И крикнула лакею:
— Позовите кучера Петрушку, да повара Андрюшку, проводите ево нечестно; как он незванной пришел.
Те пришли, да и поворотили ево, этово офицера, выпроводили нечестно: по шее просто. Он пошел, сам сердитой, переменной.
— Надо итти на гаубвахту; служба-матка.
Коhда сменялса, товаришш расспрашивал, у какой дамы был, весело ли время провел. Ему еще досадней. И стал думать, как бы отомстить этой даме, и хто она такая. Вот думал он, што одна бедна старушка ходит в этот дом, она все знает. Он к этой старушки обратилса.
— Вот, бабушка, дам тебе десять рублей, только все расскажи про нее.
Та рассказала: «Она невеста, жених за границей, она живет у ево матери, пишет письма ему и ответы получает».
— Укради ейно письмо и пошли мне. Знать я тебе еще десять рублей дам. Можешь это сделать?
— Могу.
Старуха и стала следить. Она к ним каждой день ходила, они ей очень любили. Тут случилось, невеста написала и положила на комод письмо не запечатано.
— Што мама (она ей мамой уж называла), запечатать письмо, или еще писать будем?
Мать тоже грамотна была.
— Не запечатывай, говорит, завтра што-нибудь еще, может быть, придумаем.

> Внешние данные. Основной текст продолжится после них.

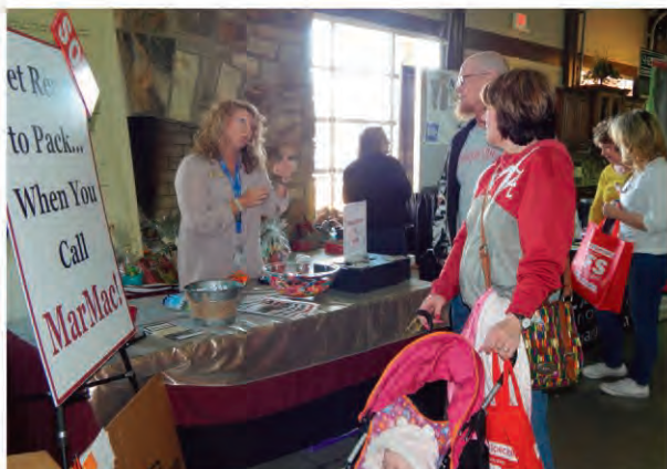
Over 1,500 consumers turned out for the GMCBA's 2016 Home and Garden Show, its most successful show to date.

Старушка это письмо свиснула, да к офицеру. Он был голова грамотная. Ему потчерк, шрифт надо было знать. Он и написал под шрифт старухи: «Сын мой любезной! Твоя невеста сперва вела себя хорошо, а теперь каждую ночь у ей гости. Убери ее, не могу жить с такой развратной. Любящая тебя мать». Офицер это письмо вложил и велел старухи на место положить. Те и не заметили. Они ничево не придумали написать, письмо не просмотрели, запечатали и послали.
Ваня письмо получил, прочитал, побледнел.

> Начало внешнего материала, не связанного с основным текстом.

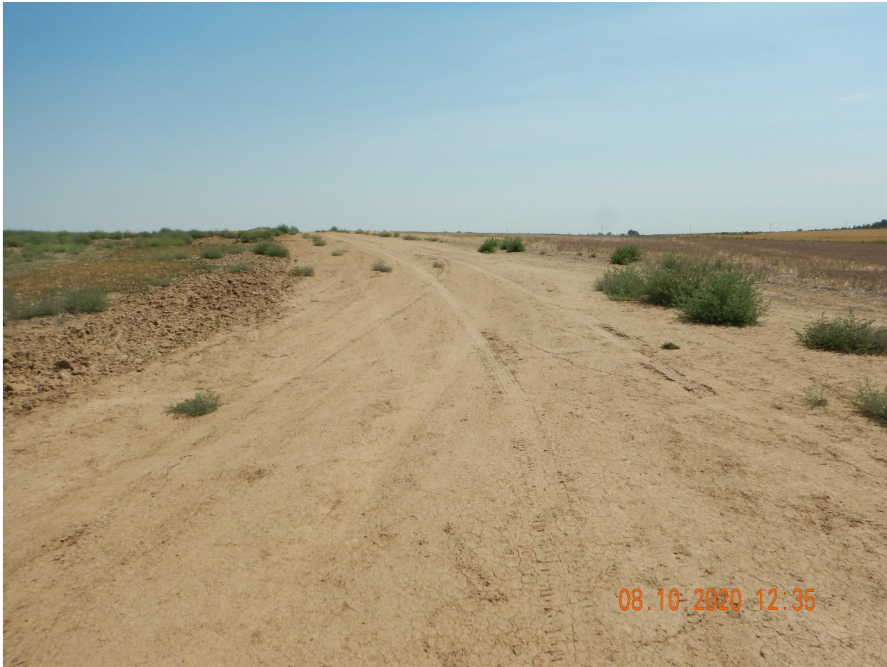
Photo 2. Photo taken from the southern location, facing East. Photo illustrates a portion of the access road may have been decompacted. Operator will remain responsible for complying with Rule 1004 for all disturbance areas - refer to Photo 3.
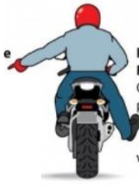
Hazard in Roadway On the left, point with left hand; on the right, point with right foot.

Дядя спрашивает: «Што, мама умерла?»
— Нет, мама жива, невеста изменила.
Дядя не верит, а он верит. Сейчас нанел лехковова, не жалел денег, сухим путем поехал. Уж он катил, катил…
Приехал ночью. Говорит извошшику:
— Подожди меня, я схожу в этот дом.
Не стучал, пошол (ему уж все запоры известны) и внутрь дома зашел. В спальну. Она спит, как ангел одна.
— А! сегодня нет гостей! Вчера, видно, были.
Ево чорт подживляет: убей!
Выхватил саблю и по животу! Пополам рассек.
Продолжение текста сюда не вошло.